Es entstehen somit Mehrkosten, die das Unternehmen sofort und unmittelbar tragen muss. Bereits für das zweite Halbjahr 2018 rechnet Hergarten im Mittel mit einer Kostensteigerung von vier bis sechs Prozent. Bei einer branchenüblichen Umsatzrendite von maximal ein bis drei Prozent ist es demnach nicht verwunderlich, dass auch die Hergarten Gruppe die zusätzlichen Kosten an ihre Kunden weitergeben muss. „Alles andere wäre unwirtschaftlich und dauerhaft nicht darstellbar“, sagt Hergarten.

Zukunftsgerichtet
„Trotz der von Verständnis geprägten und partnerschaftlichen Kundenbeziehungen“ steht der Geschäftsführer der Hergarten Gruppe kritisch zur Mauterweiterung auf Bundesstraßen. Nicht nur, weil er seinen Kunden eigentlich gerne eine längerfristige und stabile Preisgestaltung bieten würde, sondern auch, weil aus seiner Sicht der Wirtschaftsstandort Deutschland eher geschwächt als gestärkt wird. Zwar würden mittlerweile ein Großteil der Einnahmen zweckgebunden in Straßen-Verkehrsprojekte investiert, allerdings würde z. B. der Mautbetreiber Toll collect mit einem signifikanten Teil von rund 16 Prozent der Einnahmen refinanziert.

Daher seien die geplanten Investitionen in die Verkehrsinfrastruktur zum jetzigen Zeitpunkt absolut nicht ausreichend für ein Transitland wie Deutschland. Man müsse nur an die maroden Brücken und Verkehrsinfarkte in und um Köln oder Stuttgart denken. Hinzu käme, dass große Teile der Mauteinnahmen in der Vergangenheit zweckentfremdet und beispielsweise in Projekte der Bundesbahn investiert wurden. Es sei jedoch der Güterverkehr auf der Straße, der unaufhaltsam immer mehr an Bedeutung gewinnt. „Mautkosten sind einzig und allein dann gerechtfertigt, wenn sie zweckgetreu und zukunftsgerichtet in den Straßenausbau, Sanierungsmaßnahmen und Raststättenausbau reinvestiert werden“, sagt Hergarten überzeugt.
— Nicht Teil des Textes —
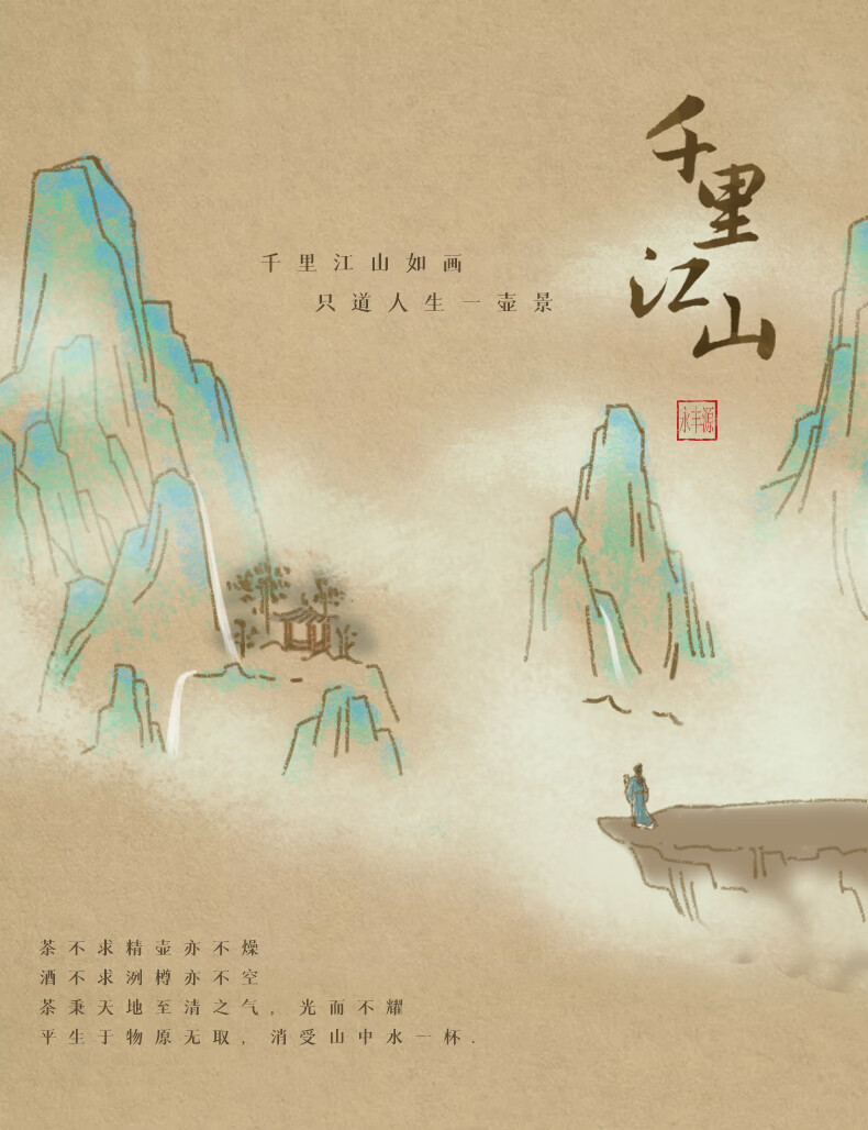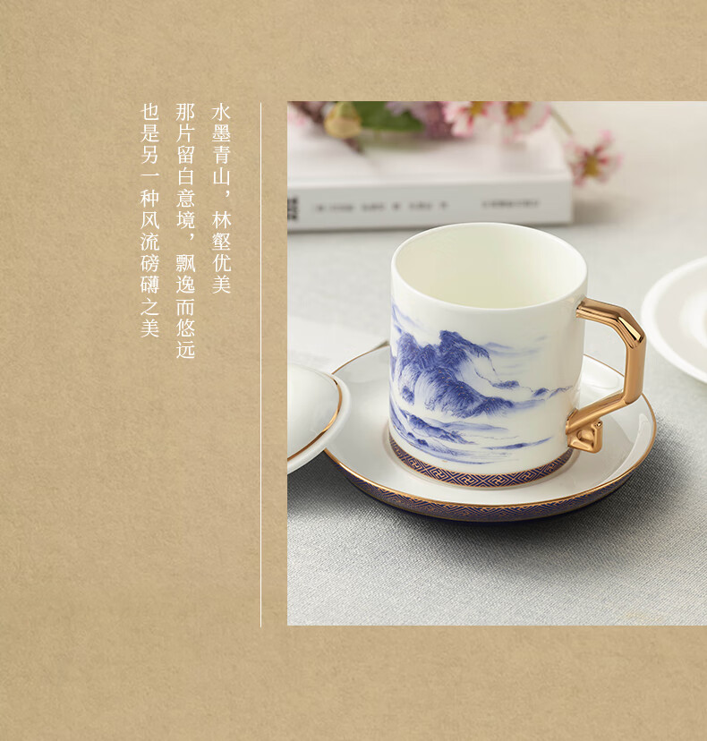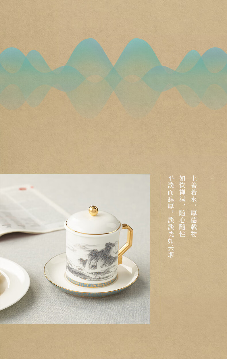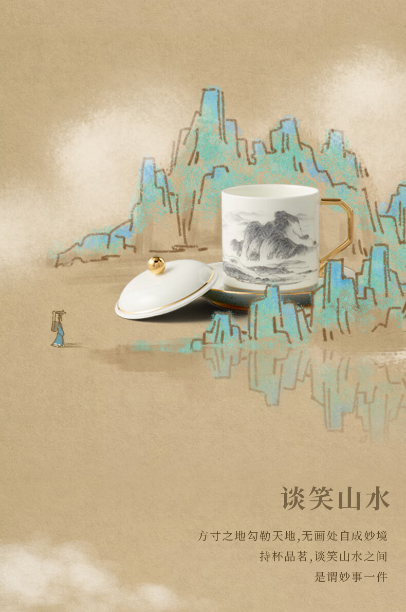 Yongfengyuan (auratic) Qianli Jiangshan Ceramic Cup Office Cup Conference Cup with Lid Business Meeting Water Cup Gift Box (350ml-ink)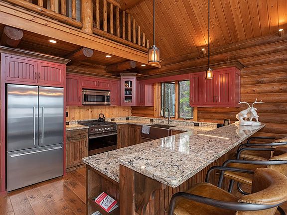 Your Paradise Awaits! Built in 2016 this custom log home is a fusion of rustic and contemporary. It’s three bedrooms and two full baths are artfully arranged to provide a comfortable kitchen and great room. The Chef's kitchen includes custom cabinets, gorgeous stone counters and high-end Fisher and Paykell appliances. The real wood floors are absolutely stunning. Oh, and the VIEWS! Sitting just 30 feet from the water’s edge the home faces southwest to bring warmth and dramatic sunset views. The sand beachfront has a gradual drop off to deep water, perfect for swimming and paddle boarding. The fieldstone fireplace brings a cozy warmth in winter after a day on the nearby snowmobile trails, and the outdoor fire pit and hot tub will warm you on chilly spring or summer nights. This home could be a fantastic rental but you may want to keep it all to yourself! The choice is yours!
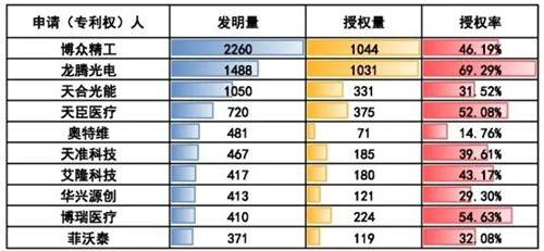 發明專利申請量前三的專利授權率,龍騰光電授權率最高,達69.49%,博眾精工為46.19%,天合光能為31.52%,天合光能授權率較另外兩家低的原因與撤回、駁回以及審中的專利較多有關。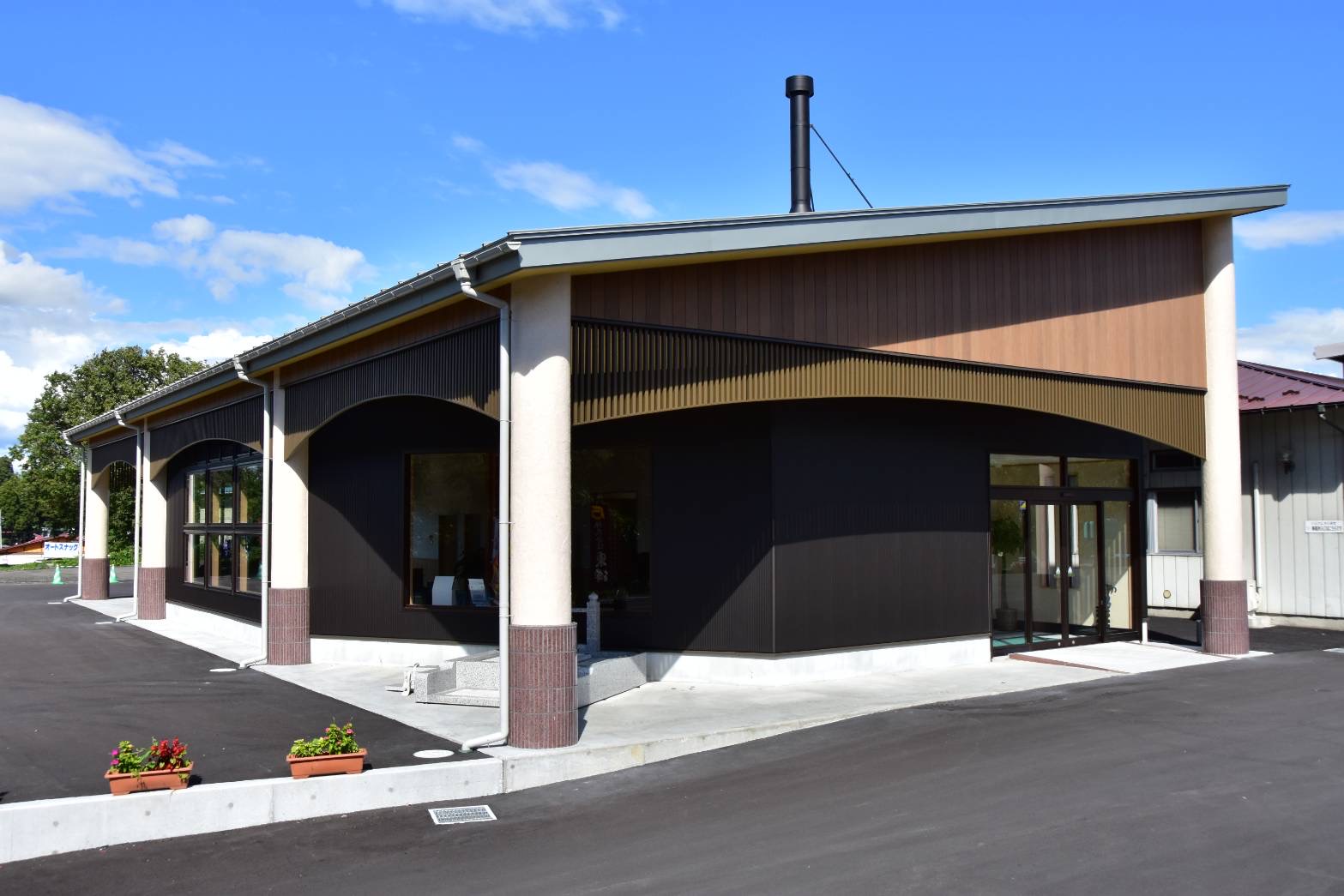 栗原市築館にある葬儀会館です左側が店舗兼事務所、右側が葬儀会館になります80人規模の会館葬から少人数での家族葬、両方のプランに対応可能です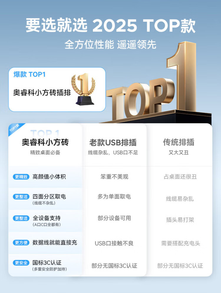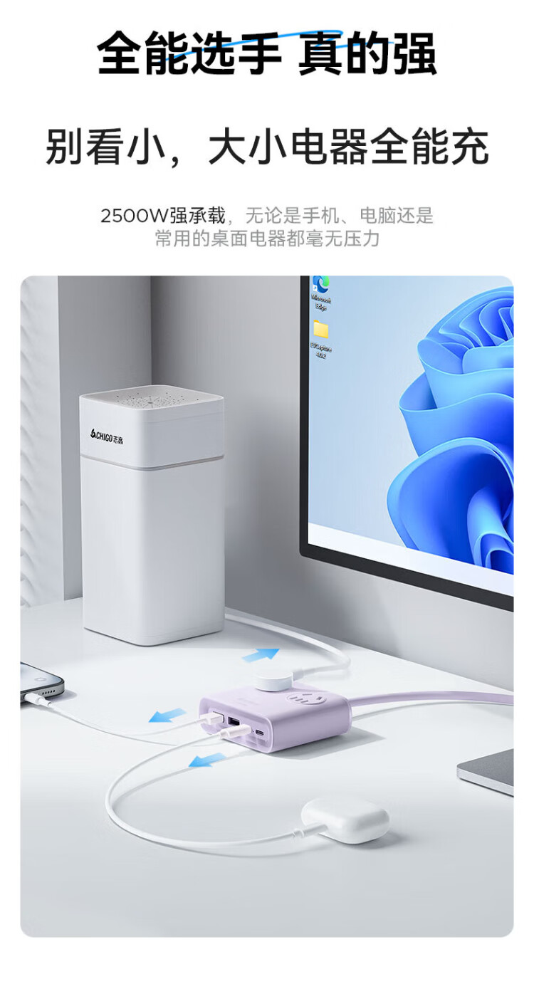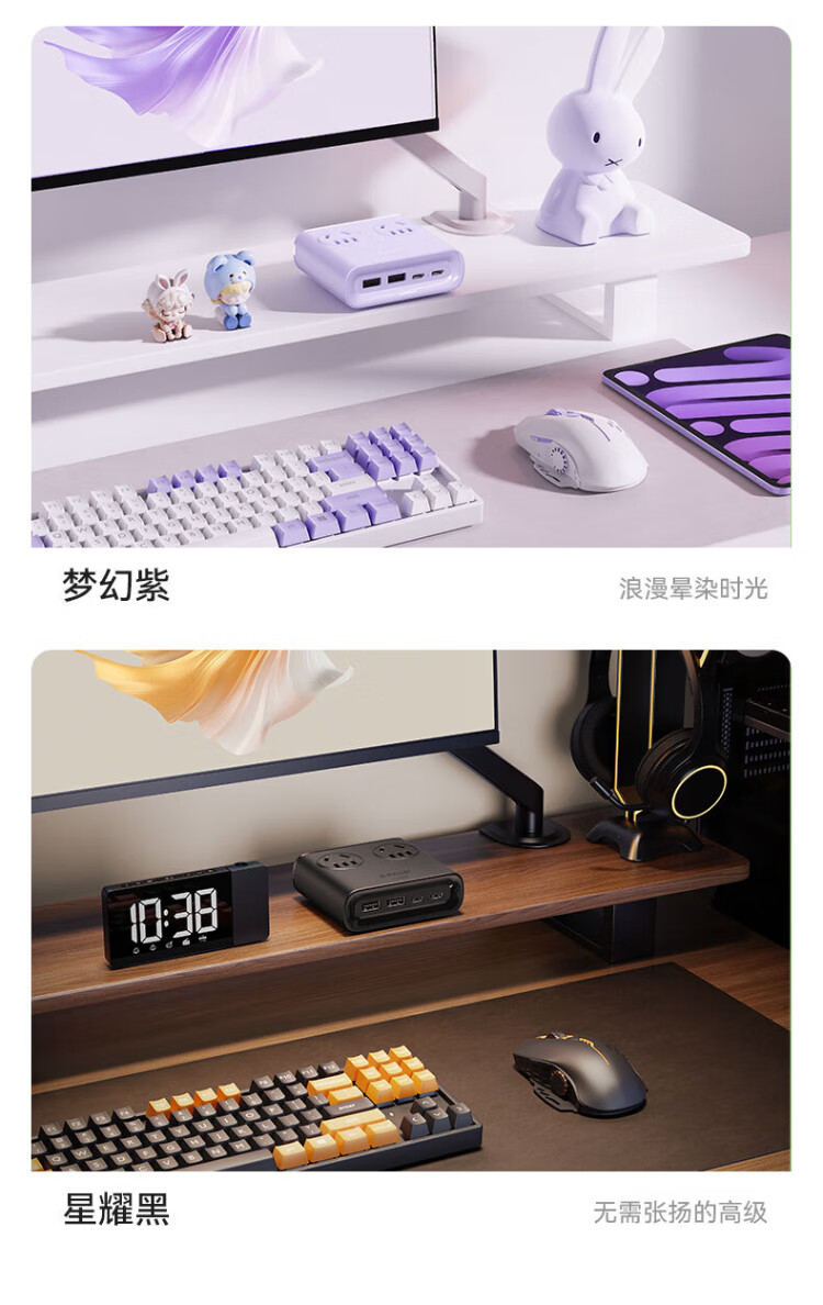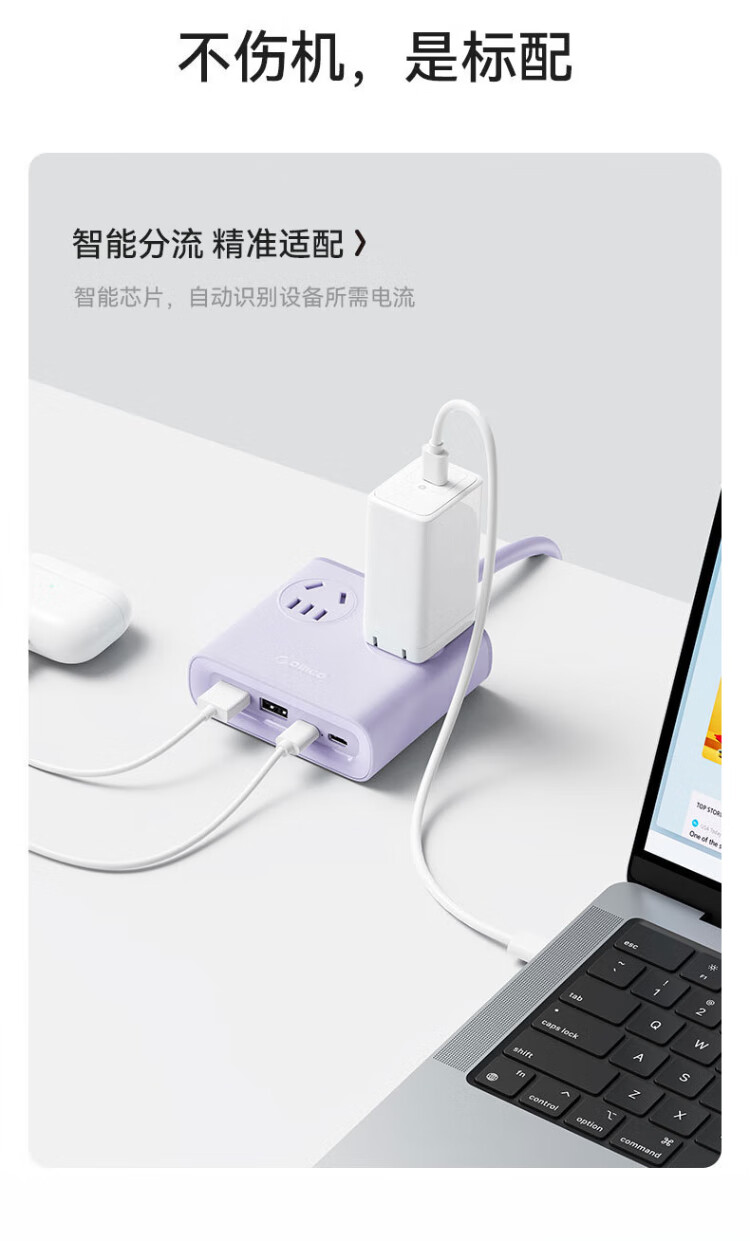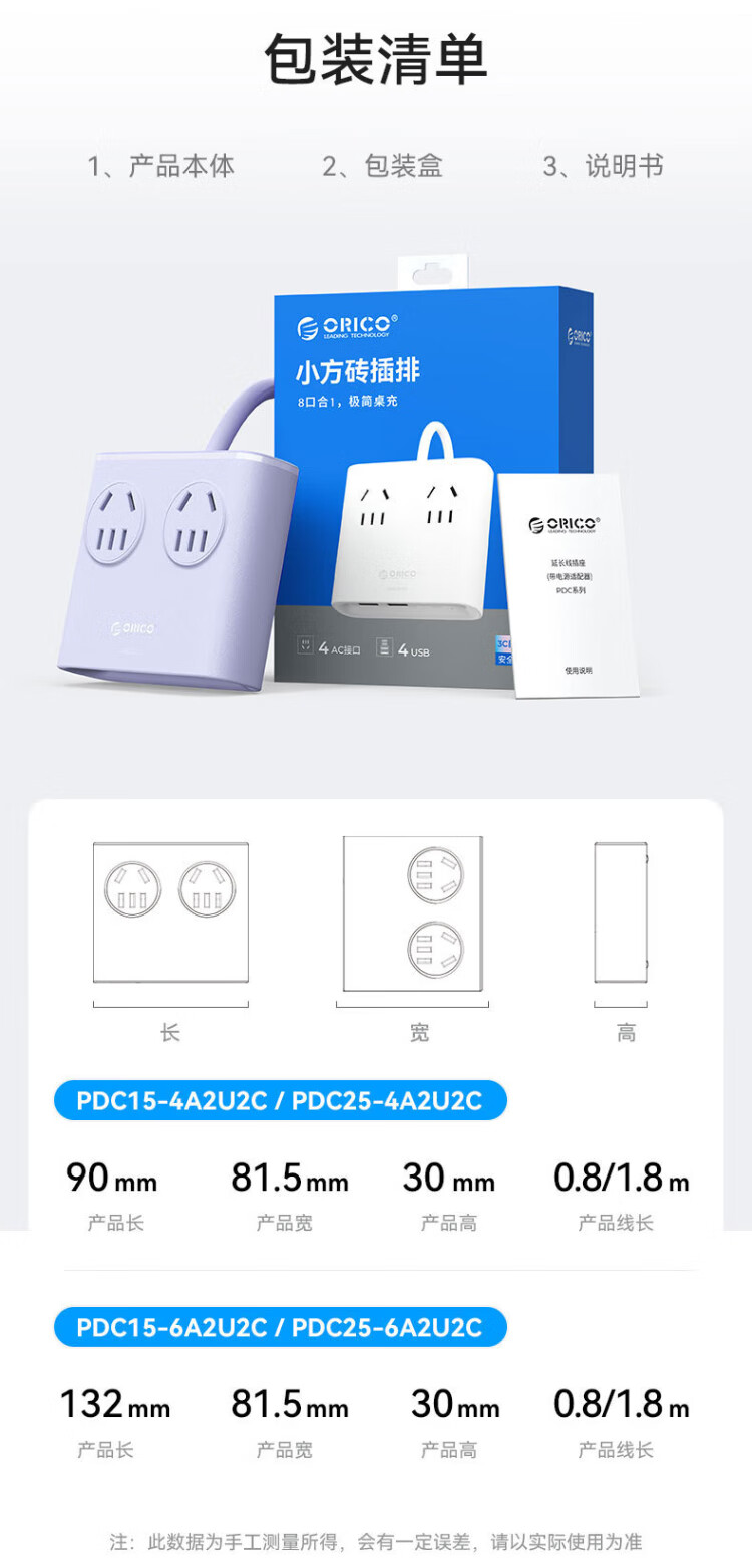 Orrick suitable for iphone17 small square brick desktop charging station plug-in USB socket multi-function plug-in board full length 0.8 meters purple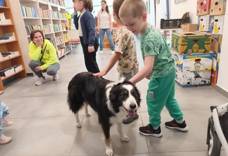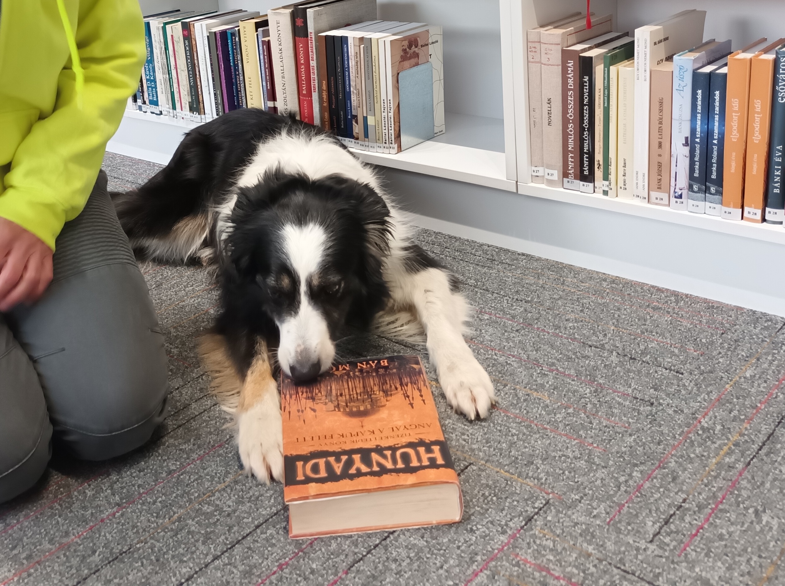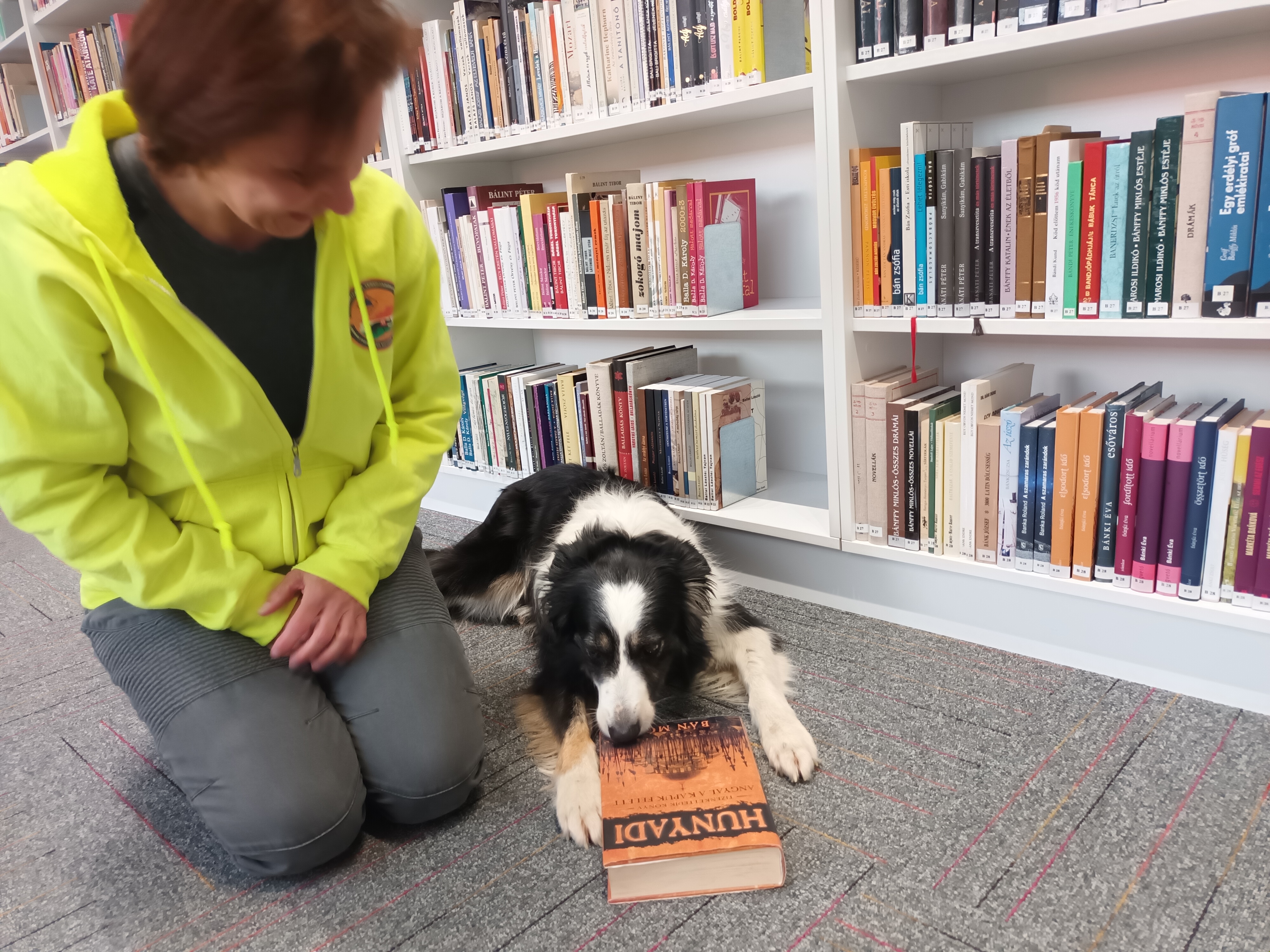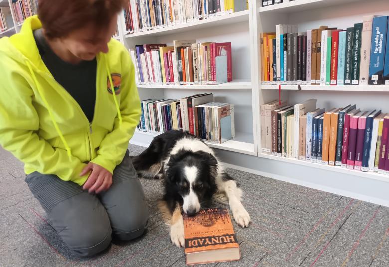 Penny is kedveli Hunyadit. Úgy tűnt, amikor a könyvtárunkban járt, hogy szívesen veszi, ha a kötet a közelében van. A mentőkutyát Gurdon Mária kutyakiképző oktató kísérte el, aki a Tatabányai 4x4 Terepjárós Önkéntes Tűzoltó Egyesület tagja - természetesen Pennyvel együtt.

Die Mauterweiterung führe innerhalb der weltweiten Wertschöpfungskette zu einer weiteren Verschärfung der Wettbewerbsverzerrung. Und schon jetzt sei absehbar, dass sich diese Situation auch nicht entspannt. „Nach aktuellem Stand werden sich ab dem ersten Januar 2019 die Preise für die derzeit saubersten LKW-Modelle, also für EURO VI-Dieselfahrzeuge, um 38 Prozent erhöhen. Marktreife Alternativen wie beispielsweise Elektrofahrzeuge sind nicht vorhanden und für Erdgasfahrzeuge gibt es in Deutschland noch nicht die erforderliche Infrastruktur an Tankstellen. Außerdem können Fahrzeuge bilanziell überhaupt nicht mehr so schnell abgeschrieben werden, wie der Werteverlust eintritt“, erläutert Hergarten im Hinblick auf die nächsten anstehenden Herausforderungen für die deutsche Speditionsbranche.